Provided data below:

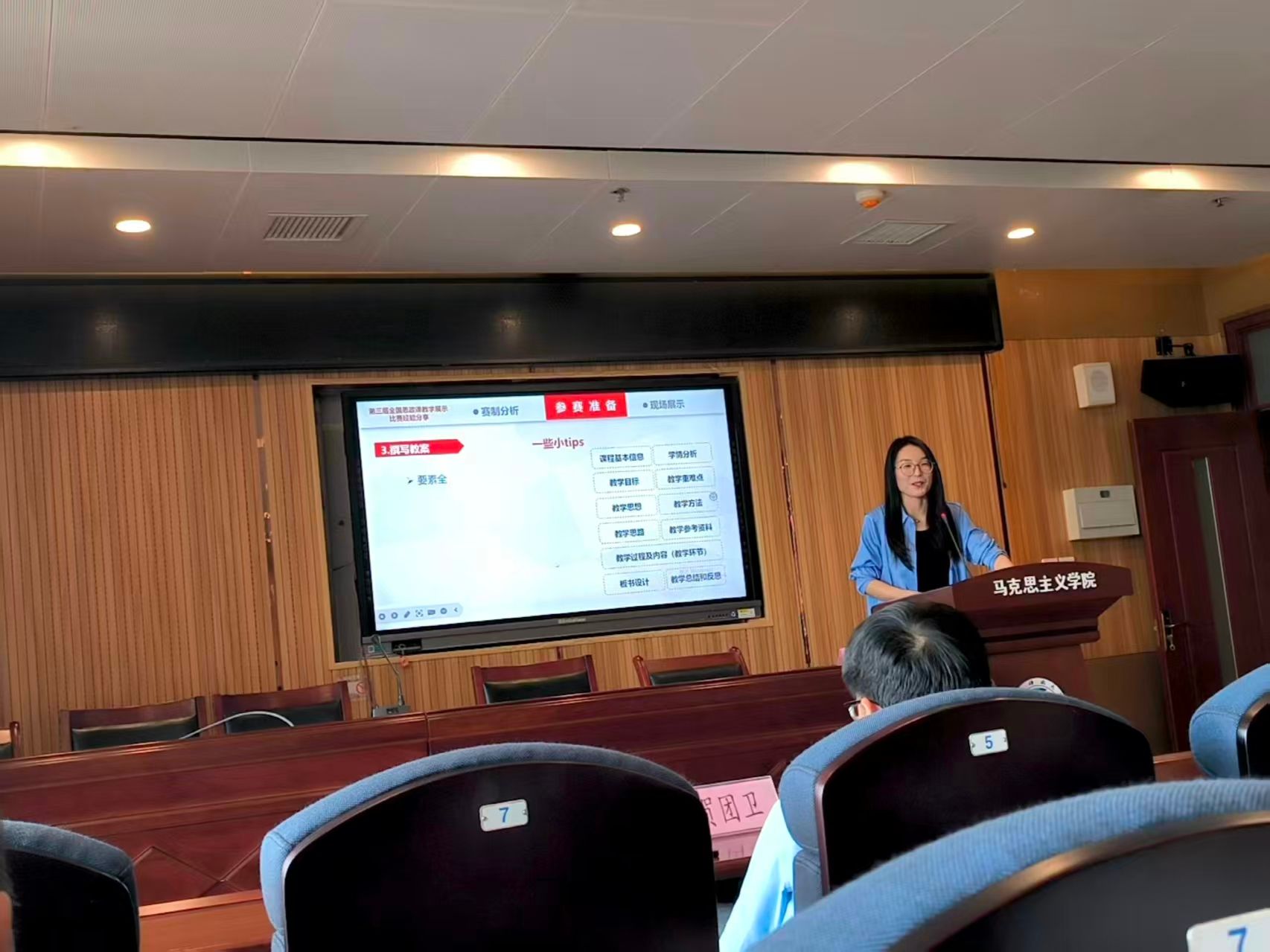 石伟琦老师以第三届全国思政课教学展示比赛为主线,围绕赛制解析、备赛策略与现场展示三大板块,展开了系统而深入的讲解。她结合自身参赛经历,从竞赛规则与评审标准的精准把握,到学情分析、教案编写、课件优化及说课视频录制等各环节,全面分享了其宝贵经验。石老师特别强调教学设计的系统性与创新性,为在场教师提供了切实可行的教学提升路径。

End of Provided data.
Provided data below:

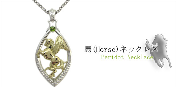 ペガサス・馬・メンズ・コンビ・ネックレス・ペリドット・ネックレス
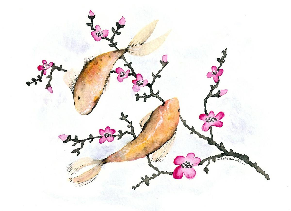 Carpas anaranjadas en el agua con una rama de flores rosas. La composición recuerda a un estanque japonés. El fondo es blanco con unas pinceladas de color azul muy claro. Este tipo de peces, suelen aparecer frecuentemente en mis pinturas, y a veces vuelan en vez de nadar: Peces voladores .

End of Provided data.

Exercise:
Word for word, repeat the lines above from the one with "ペガサス・馬・メンズ・コンビ・ネックレス・ペリドット・ネックレス" through the one with "Carpas anaranjadas en", and nothing beyond them. Omit the pictures.

Problem solution:
 ペガサス・馬・メンズ・コンビ・ネックレス・ペリドット・ネックレス
 Carpas anaranjadas en el agua con una rama de flores rosas. La composición recuerda a un estanque japonés. El fondo es blanco con unas pinceladas de color azul muy claro. Este tipo de peces, suelen aparecer frecuentemente en mis pinturas, y a veces vuelan en vez de nadar: Peces voladores .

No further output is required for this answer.